Lots of Wellingtonians use Hinge. I had a good experience using it :)


Present_Substance748

Thanks!


confidentialenquirer

“How you doin” 😅


StrugglingBeing

Keep it in your pants Joey


PossibleOwl9481

Also, you do not need to be in a relationship. It is fine in life not to be.


Tummy_Wiseau

Amen, brother/sister.


MidnightLittle5584

I’m 30M, both hinge and tinder has been pretty great for both hookups and cute dates for me. Even made some friends off of them lol.


HoldenBoy97

I have soon to be wife and 18 month girl thanks to Bumble, a++ would recommend


Present_Substance748

I've heard good stuff about Bumble from friends (granted they're still single though lol)


purplereuben

I also met my spouse on bumble although that was almost three years ago now so things may have changed


thecosmicradiation

I use Bumble because I like the interface and a decent proportion of people actually put effort in on there.
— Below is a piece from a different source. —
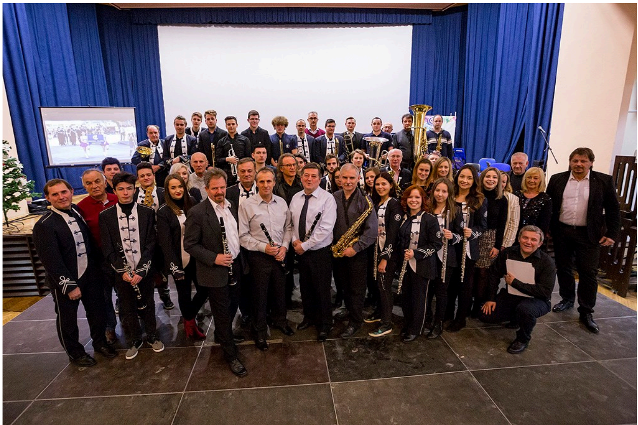
Slika 4.1. Gradska glazba Virovitica
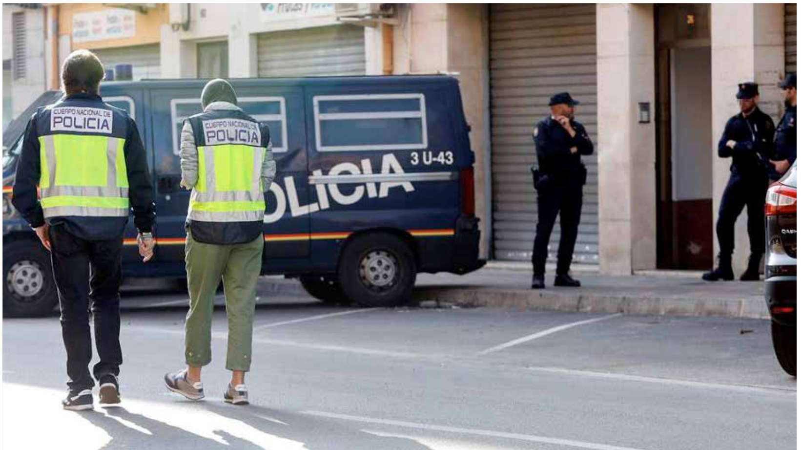
Imatge d'arxiu d'una operació policial.

Des que es va iniciar el conflicte a Síria en 2011, han viatjat a la zona en conflicte una gran quantitat de jihadistes, no sols combatents homes sinó també dones. Aquests grups terroristes han focalitzat part de la seua labor de captació, principalment a través de les xarxes socials, per a atraure a dones amb la finalitat de casar-se amb un muhàhidin o per a escometre la jihad violenta, i fins i tot arribar a integrar-se en les denominades "Brigades de Dones". A més, la Policia Nacional ha arrestat a huit dones des de 2014.

I've found Hinge to be kind of useless (people put very little info in their bios and the whole "most compatible" thing seems unreliant to me) and Tinder still has kind of a hookup feel to it.


Cool-Initiative2287

I saw recently (article possibly on Stuff?) that there are a couple of new NZ based? dating apps started by women - I think one of them is called Amore. I have found typical dating app experience to be absolutely crap but these may be worth a look.


acidnangs

Met my fiancée on Bumble!


DualCricket

I (38M) met my now-wife (34F) via the dating app Hinge, so I'm biased, but I'm happy to say it worked for me/us. Married 2 years as of a few months ago.


arnifix

My wife and I met on Bumble. I found that to be good at the time, but that was pre-Covid when Bumble was pretty new.


WellyWindyRoad

Never been a fan of apps but worked for some though. 30M, single, clean and sober. Loves exercise (hiking, walking, judo & boxing).